Hidalgo, César A. “Graphical Statistical Methods for the Representation of the Human Development Index and Its Components.” United Nations Development Programme Human Development Reports, September 2010. http://bit.ly/166TKur.

  • In this paper for the United Nations Human Development Programme, Hidalgo argues that “graphical statistical methods could be used to help communicate complex data and concepts through universal cognitive channels that are heretofore underused in the development literature.”
  • To support his argument, representations are provided that “show how graphical methods can be used to (i) compare changes in the level of development experienced by countries (ii) make it easier to understand how these changes are tied to each one of the components of the Human Development Index (iii) understand the evolution of the distribution of countries according to HDI and its components and (iv) teach and create awareness about human development by using iconographic representations that can be used to graphically narrate the story of countries and regions.”

Stowers, Genie. “The Use of Data Visualization in Government.” IBM Center for The Business of Government, Using Technology Series, 2013. http://bit.ly/1aame9K.

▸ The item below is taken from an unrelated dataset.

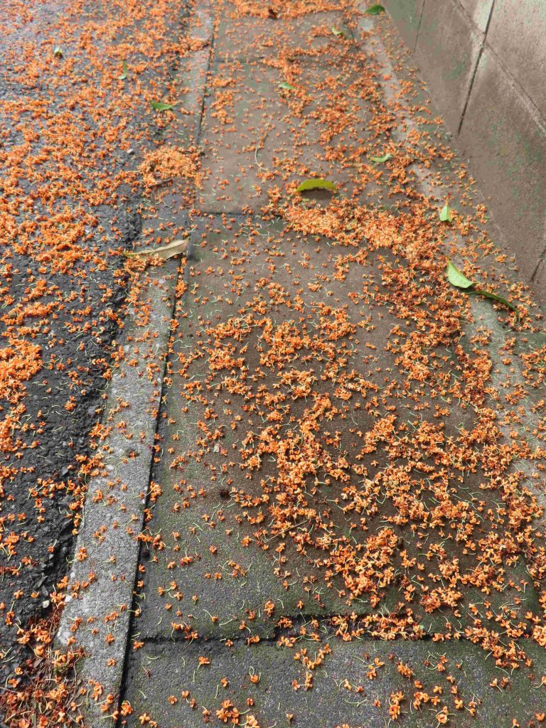 我が家の庭師(女房)から、ホトトギス(写真1)が咲き出したわよ、との報告あり。書斎脇のハナミズキ(写真2)が紅葉しています。我が家を芳香で包んでいたキンモクセイ(写真3)が落花しています。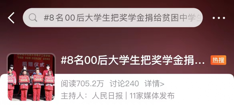 近日“8名大学生把奖学金捐给中学生”在网络刷屏↓↓↓ 来源:人民日报

  • This report seeks “to help public sector managers understand one of the more important areas of data analysis today — data visualization. Data visualizations are more sophisticated, fuller graphic designs than the traditional spreadsheet charts, usually with more than two variables and, typically, incorporating interactive features.”
  • Stowers also offers numerous examples of “visualizations that include geographical and health data, or population and time data, or financial data represented in both absolute and relative terms — and each communicates more than simply the data that underpin it. In addition to these many examples of visualizations, the report discusses the history of this technique, and describes tools that can be used to create visualizations from many different kinds of data sets.”